From a recent mojo run of stable to next ha on xenial:

/var/log/juju/unit-rabbitmq-server-2.log

2020-02-13 16:52:25 DEBUG update-status Traceback (most recent call last):
2020-02-13 16:52:25 DEBUG update-status File "/var/lib/juju/agents/unit-rabbitmq-server-2/charm/hooks/update-status", line 984, in <module>
2020-02-13 16:52:25 DEBUG update-status rabbit.assess_status(rabbit.ConfigRenderer(rabbit.CONFIG_FILES))
2020-02-13 16:52:25 DEBUG update-status File "/var/lib/juju/agents/unit-rabbitmq-server-2/charm/hooks/rabbit_utils.py", line 920, in assess_status
2020-02-13 16:52:25 DEBUG update-status assess_status_func(configs)()
2020-02-13 16:52:25 DEBUG update-status File "/var/lib/juju/agents/unit-rabbitmq-server-2/charm/hooks/rabbit_utils.py", line 944, in _assess_status_func
2020-02-13 16:52:25 DEBUG update-status services=services(), ports=None)
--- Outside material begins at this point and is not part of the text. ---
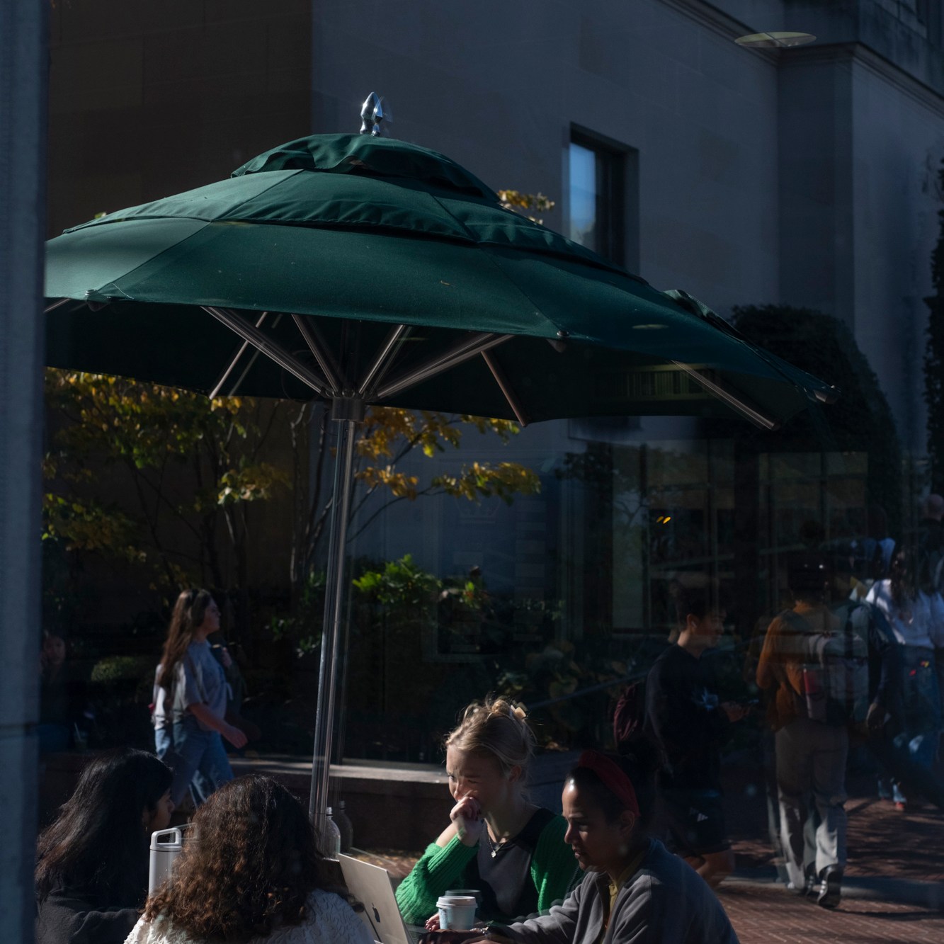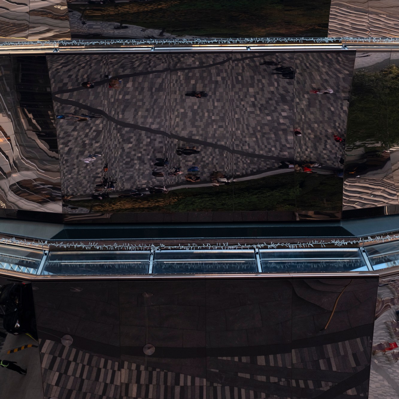 Glass skyscrapers reflect sunlight and mirror the cityscape and its people.
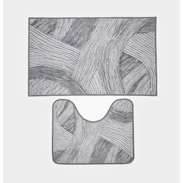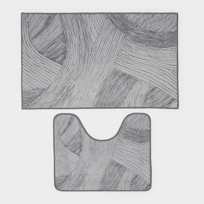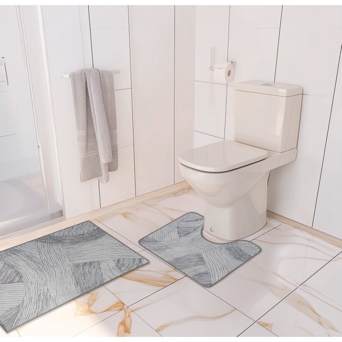 Коврики для ванной и туалета Доляна «Мрамор», 2 шт: 79×50 см, 50×39 см, цвет серый

2020-02-13 16:52:25 DEBUG update-status File "/var/lib/juju/agents/unit-rabbitmq-server-2/charm/charmhelpers/contrib/openstack/utils.py", line 888, in _determine_os_workload_status
2020-02-13 16:52:25 DEBUG update-status state, message, lambda: charm_func(configs))
2020-02-13 16:52:25 DEBUG update-status File "/var/lib/juju/agents/unit-rabbitmq-server-2/charm/charmhelpers/contrib/openstack/utils.py", line 1035, in _ows_check_charm_func
2020-02-13 16:52:25 DEBUG update-status charm_state, charm_message = charm_func_with_configs()
2020-02-13 16:52:25 DEBUG update-status File "/var/lib/juju/agents/unit-rabbitmq-server-2/charm/charmhelpers/contrib/openstack/utils.py", line 888, in <lambda>
2020-02-13 16:52:25 DEBUG update-status state, message, lambda: charm_func(configs))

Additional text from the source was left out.